Item 4 has two parts, 4a and 4b. In part 4a, students are asked to select two events corresponding to a partial game description. There are five possible events, and students are asked to select two. Students received full credit for selecting both correct events, partial credit for selecting one of the correct events and no incorrect events, and no credit for selecting one or more incorrect events. 4a was a moderately difficult item, as 40% of students received full credit, 13% of students received partial credit, and the remaining 47% of students received no credit. In item 4b, students were asked to select the single event that would use a conditional IF-THEN programming structure from the list of items provided in 4a. They were then asked to explain why the event they selected would require an IF-THEN structure. This proved to be a difficult item, as 23% of students selected the correct event, and 16% of students selected the correct event and provided a suitable explanation. Please note that while item difficulty and discrimination index information on the subparts of items 3 and 4 is discussed in the text, the item difficulty and discrimination index information presented in Table 8 is calculated for the full items, including all multiple choice and open-ended parts.
The mean score for the 95 students who took the Unit 4 assessment was 4.53 (SD = 2.50) out of 12 possible points, or 37.76%. Full item analysis on all Unit 4 assessment items is presented in Table 8. For items other than straightforward multiple choice where a simple correct vs. incorrect distinction was not applicable, the difficulty indices were calculated on the basis of students “passing” vs. “not passing” the item (i.e., earning a score of 60% or higher on a given item). For this assessment, a disproportionate number of items are hard per their difficulty indices. Two items demonstrate good discrimination indices and the other two demonstrate poor discrimination indices. It should be noted that we are aware that the teacher was rushed through the Unit 4 content; this may have contributed to the somewhat lower student performance observed on the Unit 4 assessment. These item analyses suggest that in future revisions of this assessment, test developers should consider including additional items that are less difficult.
Discussion
Overall outcomes of and our experience throughout the assessment development process, guided by ECD and resulting in both the final assessments as well as the supporting documentation, will be discussed here as they align with each of the research questions.
RQ1: How can we best utilize the well-established ECD framework to develop assessments that are tightly coupled to the stated learning goals of a redesigned curriculum?
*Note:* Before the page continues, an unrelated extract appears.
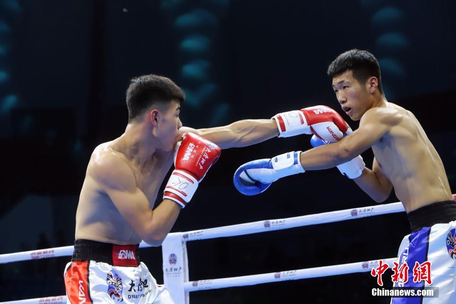 11月23日晚间,2019大唐地产亚洲拳王大满贯资格赛天津站比赛在天津工业大学体育馆落幕,朝鲜选手五战全胜成最大赢家。中国选手发挥则相对一般,与外国选手的几场苦战,均未能取得胜利。图为75公斤级比赛是一场中国德比,由王献志迎战刘佳琦,红角选手刘佳琦(左)胜。 中新社记者 张道正 摄
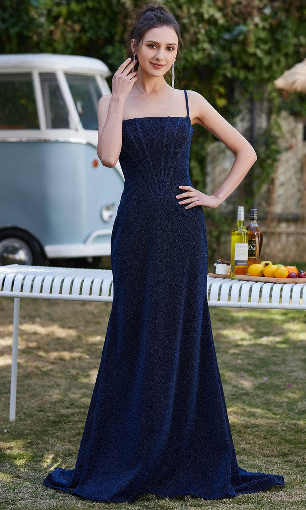 Eye-popping style radiates from every last inch of this chic, sultry long dress by Jadore J21020. Tailored in a sleeveless fitted bodice, this stunner boasts a straight-across neckline accented with boning details. Supported by thin straps that lead to a mid-open back with a lace-up style. As the skirt parades in a column silhouette and finishes in a floor-length hemline with a sweeping train. Feminine, bold, and imperial, this dress from Jadore will make you shine! Models are wearing Midnight, Mocha and Red colors.

The ECD framework promoted the development of robust assessments by requiring both rigor and attention to distilling the exact content to be addressed from the earliest steps of the process. Learning goals were taken directly from the curriculum website, and through the creation of the design pattern document, these learning goals were distilled into FKSAs and accompanying tasks that collectively address the three key questions of ECD: what do we want students to demonstrate that they know and can do; what would evidence of the given knowledge and skill(s) entail; what tasks can we ask students to do that would yield that evidence? The previous discussion of item writing and design pattern development along with the presentation of sample items and their accompanying FKSA demonstrate the tight couplings between FKSAs, evidence, and tasks that are a key feature of a high-quality assessment with the capacity to measure the content intended to be measured.
A challenge when creating an assessment in a new space is that there is often limited guidance on what the important constructs are and how students progress in their learning of these constructs. An ECD approach to assessment development can provide guidance for addressing this challenge. The design documents, in particular the design pattern, provide supports for defining the important constructs to be measured, and aspects of tasks that can be used to measure these constructs. With CS concepts often being taught in tandem with other concepts, a design pattern is particularly useful as it provides a place to not only identify what is to be measured, but also what constructs should not be included. In the work described here, the use of an ECD approach helped the researcher to define the constructs of interest, identify appropriate item types, and develop tasks and rubrics.
One key challenge was determining the appropriate level of specificity for the FKSAs. If the FKSAs were overly specific, then this increased the number of FKSAs needed to provide coverage of the learning goals, and limited options for task development. If the FKSAs were not specific enough, then there was insufficient guidance on the task development to ensure that the important constructs were covered. This challenge was addressed by going through several drafts of many FKSAs, and receiving feedback on them from our co-author who has extensive design pattern experience. As work on the design pattern progressed across the four units, the appropriate scope and level of specificity for the FKSAs became more apparent and it became easier to write them consistently. For example, the FKSA from Unit 2 related to website errors was finalized as “Focus is on the skills of identifying and correcting errors in a website’s design, organization, and/or layout in order to improve its functionality and effectiveness.” The level of specificity with respect to website errors needed to be determined in writing this FKSA. Ultimately, we concluded that the FKSA should not specify a large number of individual errors that could be included, but rather should refer to three categories of errors (errors in design, organization, and layout). This decision allows the FKSA to highlight the different broad types of errors, but not be overly specific (and thus overly complicated and difficult to assess) in listing a large variety of possible individual errors.
The specification of the FKSAs provided a framework to map existing tasks which helped us to identify where we had tasks and where we needed tasks to provide coverage. Mapping tasks back to FKSAs once they were developed helped to ensure that the tasks developed measured the concepts we wanted to have measured. This helped ensure that the overall assessment had coverage of the critical components of the curriculum. The evidence and task models provide guidance to our item developers when developing the task which helped ensure that the resulting task was designed as intended. Overall, using the ECD framework to ensure coverage and alignment of our assessment provided guidance for item development and helped ensure that we were measuring the desired constructs.
RQ2: How does the evidence generated through the ECD process and accompanying documentation support the validity argument for the newly developed assessments?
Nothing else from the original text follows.